Beside assurances of provenance and scarcity, the Jacob & Company NFT was sold with a bit of watch purchasing tradition: a paper certificate and a storage box fitted with a hard drive to store the NFT.

“As a watch collector myself, I love the experience of the box and papers,” Mr. Andon said. “That is why we replicated that physical experience here, except you are not getting a watch, only this very rare token.”

With more and more investors eyeing digital riches, the volume of global NFT trades surpassed $500 million in March, with $240 million in that month alone.

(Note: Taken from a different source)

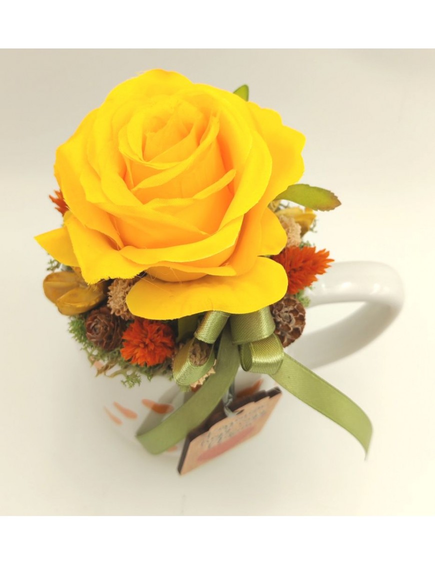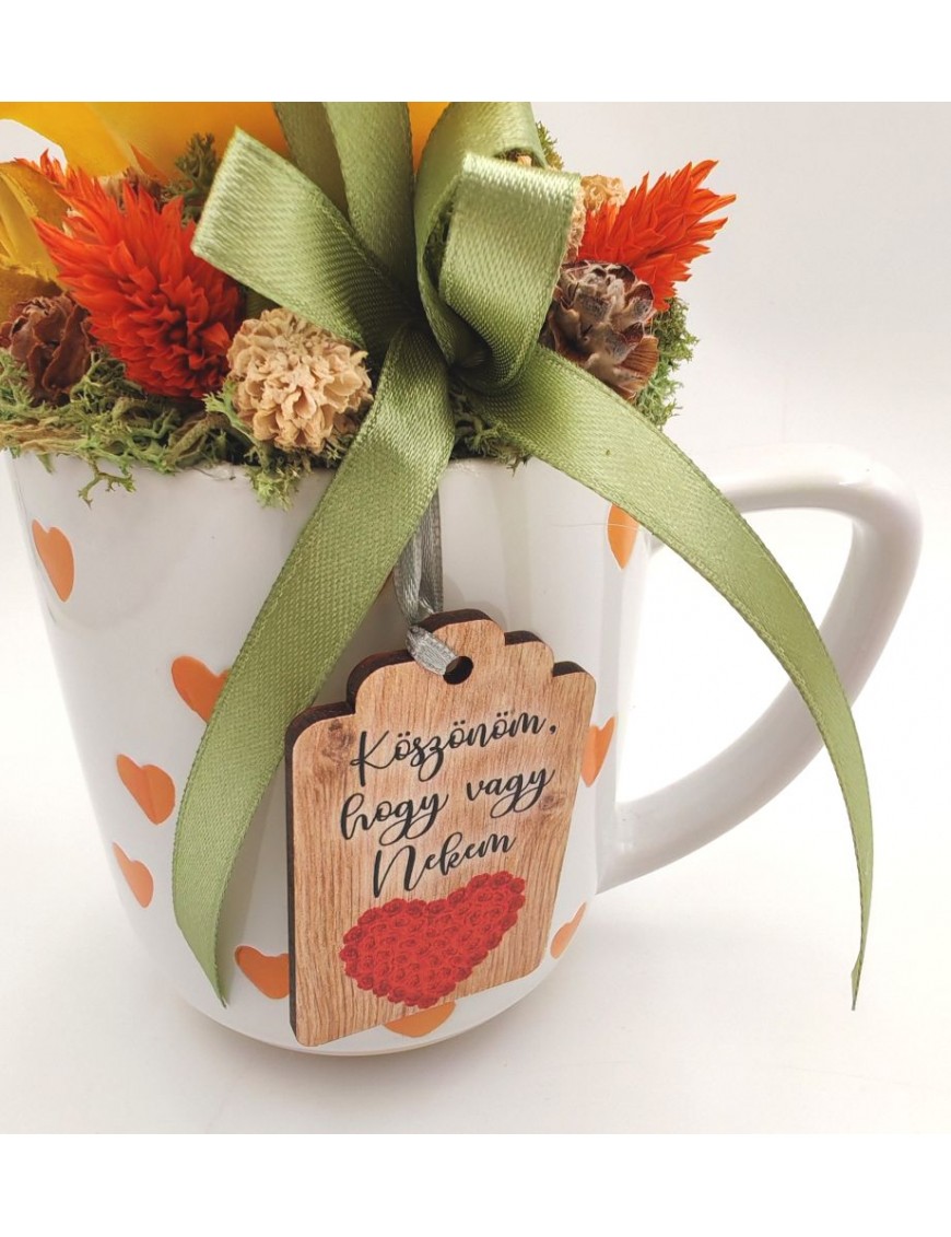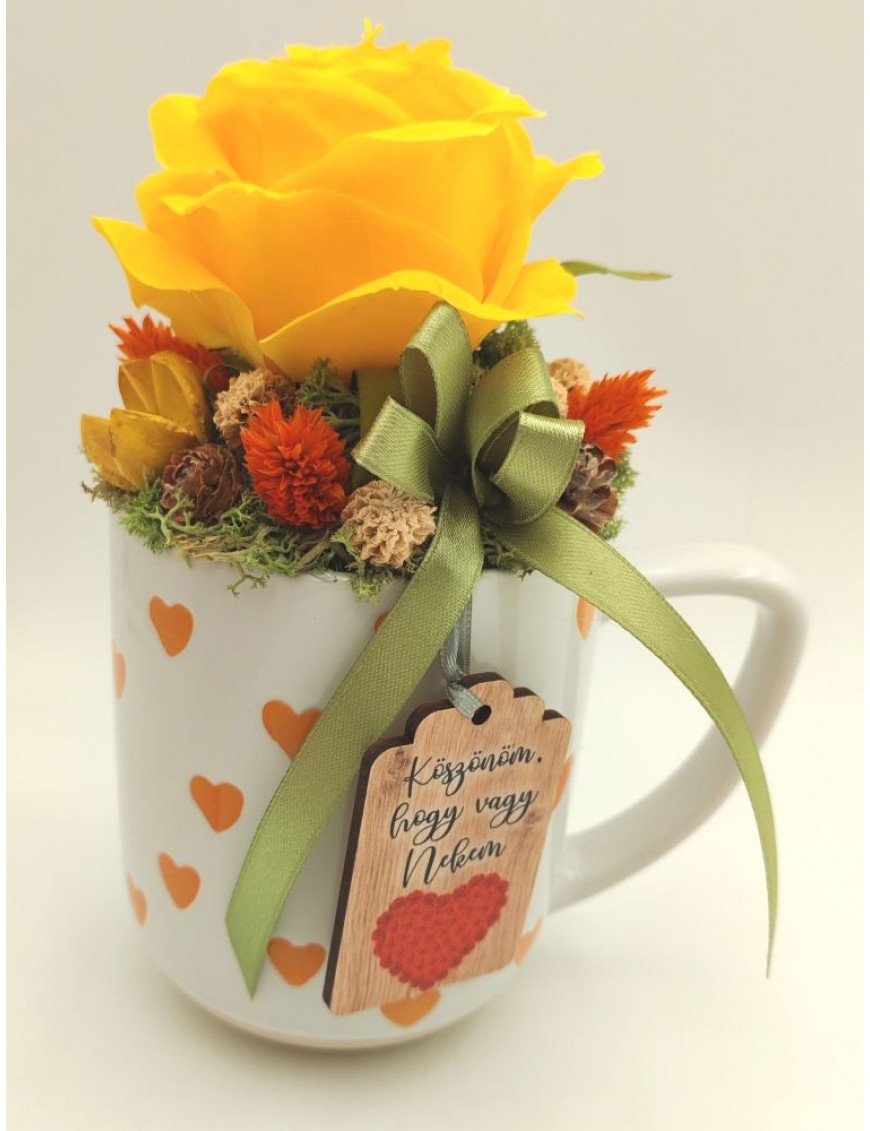 Fehér alapon narancssárga szíves bögre sárga selyem rózsával, kis táblával: Köszönöm, hogy vagy nekem.

Watch auctioneers are just getting in the game.

On April 23, Sotheby’s is scheduled to become the first major auction house to sell a watch NFT when a Ressence Spymaster comes up for sale in Hong Kong along with its NFT, a computer-generated video of the watch.

“The NFT digital video which accompanies the watch seems just the right way to emphasize its true value,” Sam Hines, Sotheby’s head of watches, said in a news release.

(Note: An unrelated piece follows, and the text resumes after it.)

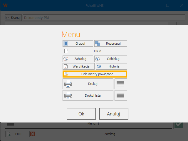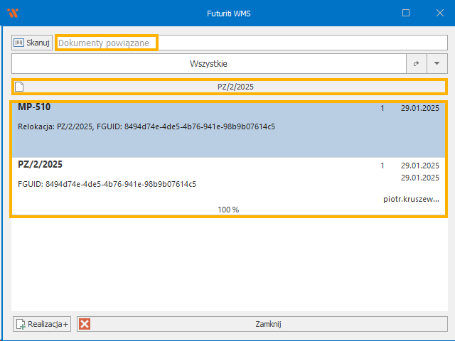 W niektórych przypadkach WMS generuje serię dokumentów (np. proces dwuetapowy). Aby usprawnić proces wyszukiwania dokumentów utworzonych w zakresie jednego procesu lub realizacji od wersji 1.856 możliwe jest wyszukanie dokumentów powiązanych z poziomu listy dokumentów.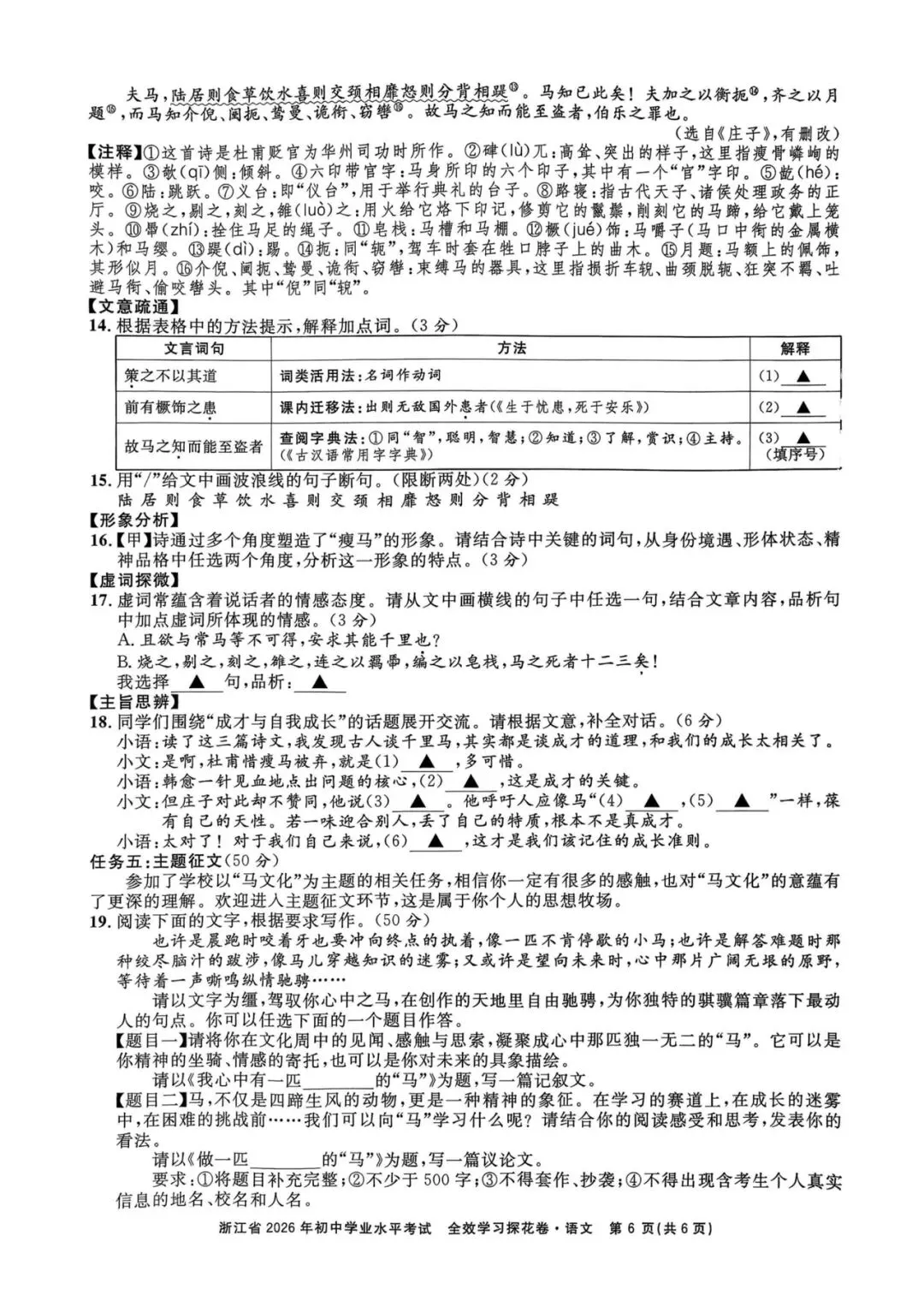 备考提示:夯实课内文言基础,学会“课内迁移法”解释课外实词;对比阅读要抓住三篇的核心观点(杜甫:怀才不遇的遗憾;韩愈:伯乐对成才的重要性;庄子:顺应天性的成长),精准作答。

And on the same day, Phillips is scheduled to sell a digital artwork titled “Replicator,” by the artist Mad Dog Jones, whose real name is Michah Dowbak. The piece, listed in an online auction, is described as having the ability to reproduce itself every 28 days, resulting in seven generations of artworks.

The auction house also has been “approached to sell tokenized watches, a request we are taking very seriously,” said Arthur Touchot, head of digital strategy at Phillips, who is based in Geneva.

Whether NFTs become a watershed moment in the watch market or a bubble inflated by abstract financial schemes, only time will tell.

But Mr. Arabov of Jacob & Company said that watch NFTs would help push the limits of creativity by freeing watchmakers from material constraints. And, he said, his company already plans to present an entire NFT collection that will be “far more creative than any real-life watch” but that “will live exclusively in NFT world.”

If watch NFTs became “wearable” using augmented reality, like Gucci’s Virtual 25 sneakers, it would not be hard to imagine fans vying to own the digital version of an otherwise unattainable watch — like a Patek Philippe Nautilus or Paul Newman’s Rolex Daytona — that could be “worn” and boasted about, even if only on social media.

“This sale was to get people to pay attention to NFTs,” Mr. Arabov said. “It is not a matter of ‘if’ NFTs will have a place in watches, but ‘when,’ and that ‘when’ is now.”